>>>
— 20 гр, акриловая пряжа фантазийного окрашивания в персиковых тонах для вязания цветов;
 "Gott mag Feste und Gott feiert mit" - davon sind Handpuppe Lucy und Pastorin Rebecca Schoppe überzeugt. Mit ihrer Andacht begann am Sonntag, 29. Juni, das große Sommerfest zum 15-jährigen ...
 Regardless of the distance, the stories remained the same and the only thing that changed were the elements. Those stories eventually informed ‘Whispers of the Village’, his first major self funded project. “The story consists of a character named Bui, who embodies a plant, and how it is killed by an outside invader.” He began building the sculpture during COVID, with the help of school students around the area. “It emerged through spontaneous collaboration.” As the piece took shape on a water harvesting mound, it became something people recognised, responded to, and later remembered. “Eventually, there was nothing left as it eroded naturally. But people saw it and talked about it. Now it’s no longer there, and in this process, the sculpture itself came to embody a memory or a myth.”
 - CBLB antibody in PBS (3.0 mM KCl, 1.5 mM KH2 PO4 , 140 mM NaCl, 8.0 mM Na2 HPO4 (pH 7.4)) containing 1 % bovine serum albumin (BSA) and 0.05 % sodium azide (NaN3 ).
<<<
>>>
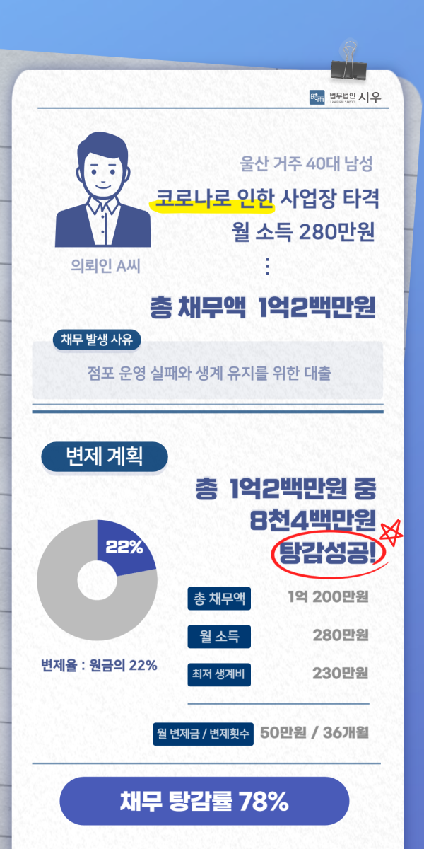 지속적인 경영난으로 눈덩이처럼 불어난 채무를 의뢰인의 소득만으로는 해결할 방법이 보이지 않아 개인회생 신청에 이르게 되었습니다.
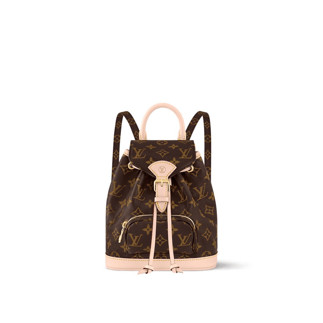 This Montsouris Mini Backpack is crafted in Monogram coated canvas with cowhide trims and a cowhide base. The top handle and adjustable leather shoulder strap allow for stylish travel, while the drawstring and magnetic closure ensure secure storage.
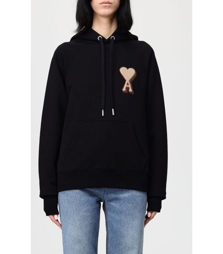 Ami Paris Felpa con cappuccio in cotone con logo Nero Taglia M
<<<
> WHAT IS NEEDED: Within the listing above, print exactly the stretch beginning at the line that contains "지속적인 경영난으로 눈덩이처럼" and finishing at the line that contains "Ami Paris Felpa", ends kept, pictures left out, and nothing more.

> PROBLEM SOLUTION:
 지속적인 경영난으로 눈덩이처럼 불어난 채무를 의뢰인의 소득만으로는 해결할 방법이 보이지 않아 개인회생 신청에 이르게 되었습니다.
 This Montsouris Mini Backpack is crafted in Monogram coated canvas with cowhide trims and a cowhide base. The top handle and adjustable leather shoulder strap allow for stylish travel, while the drawstring and magnetic closure ensure secure storage.
 Ami Paris Felpa con cappuccio in cotone con logo Nero Taglia M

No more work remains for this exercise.